Given that, they essentially are deleting your data and leaving encrypted remnants behind. That was of particular interest to us because the way our product works, it doesn’t actually utilize files in the way a normal operating system does.
What was your reaction to the situation?
When we heard about this we were sort of freaking out a little bit, until we got to analyze what they were doing. We thought maybe they’d discovered a way to find nested shreds. We’re not arrogant enough to think no one could figure out what we’re doing, we know it would be extraordinarily difficult and hard, and we weren’t worried about someone being able to read those files because that’s way, way out of the scope of what’s possible today, but we were worried that they’d be able to erase our data. Who knows how good these guys can get, and they get better every day, right? Something that we had designed was that if a “Delete” command was issued, it will not delete your content, it will only delete your tombstone files. Those tombstone files can be restored or reconstituted.
This particular piece of ransomware was successful in that the proliferation was so high. It was a little bit of a low bar because it was exploiting things that have been patched quite a bit by Microsoft, but there’s so many legacy systems out there that they definitely had a high level of proliferation. The question’s going to be how useful was the data that was encrypted, but not having access to data in general and not knowing what the real impact will be is the issue in general, because you can say “oh, those were old systems, we’ve heard this already, those are legacy systems, we keep those around for X/Y/Z…” well, at some point there’s going to be a dependency on one of those systems that someone didn’t predict and that data is not going to be available, which will be a real problem. It’s important to take cybersecurity seriously.

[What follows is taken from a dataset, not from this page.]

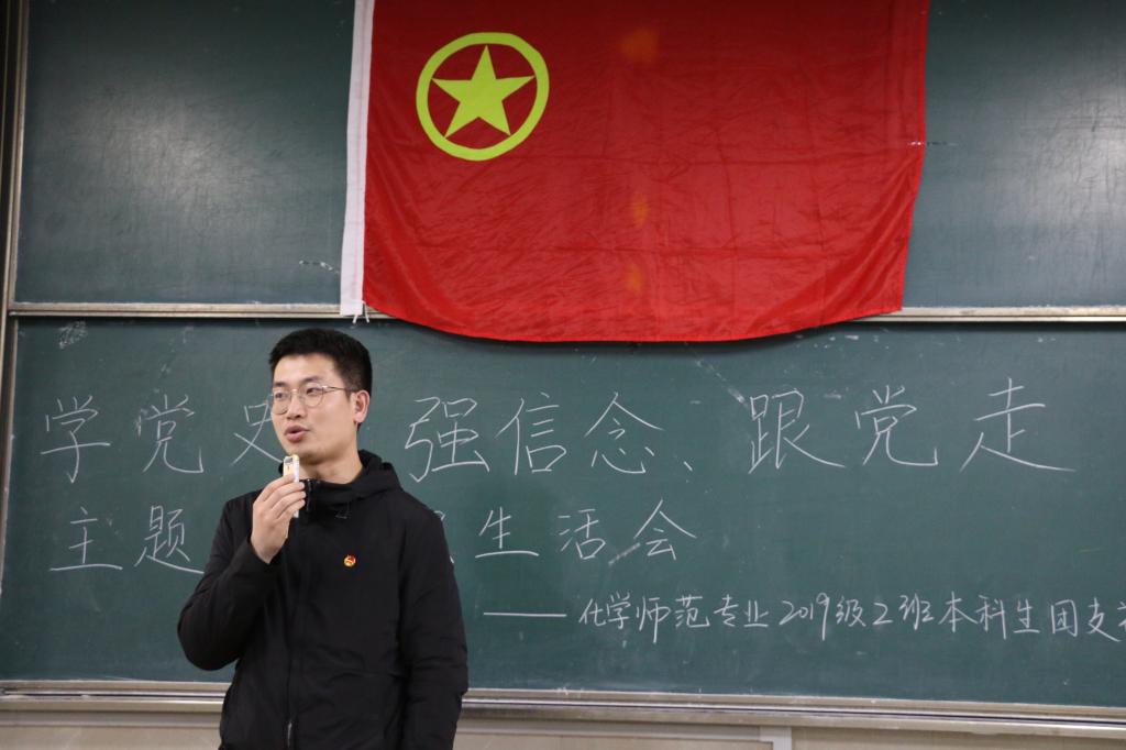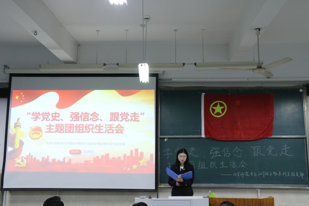 本网讯(英国正版365官方网站)为提升基层团支部组织力,进一步增强团组织的吸引力、凝聚力和战斗力,3月29日晚7点在花津校区2010502教室,2019级化学师范专业二班本科生团支部组织开展了“学党史,强信念,跟党走”主题团组织生活会。校团委副书记陈骁、公司党委副书记李古州、院团委书记陶勇、辅导员周冬冬和全支部全体成员参加会议。会议由团支部书记周昱晨主持。

What lessons have been learned, or what lessons need to be learned, from this sort of attack?
If you don’t have a good system, you need to make sure you have some sort of data-at-rest solution. You need to make sure you can recover any data that’s lost by having it backed up and not through a method that ransomware guys are starting to get smart about attacking. They’ll get better and better at attacking the backups themselves, so you’ve got to be very mindful about the solutions you’re looking at. This comes down to a lot of the usual stuff: the phishing emails, more education, better ways to handle this with AI…but until that’s available you’ve really got to educate people not to click on stuff, this is basic. Patch your systems.
To stop the killchain, we’ve instituted technology to work by default, but any time you can protect your systems so that you can recover from something like this, the better.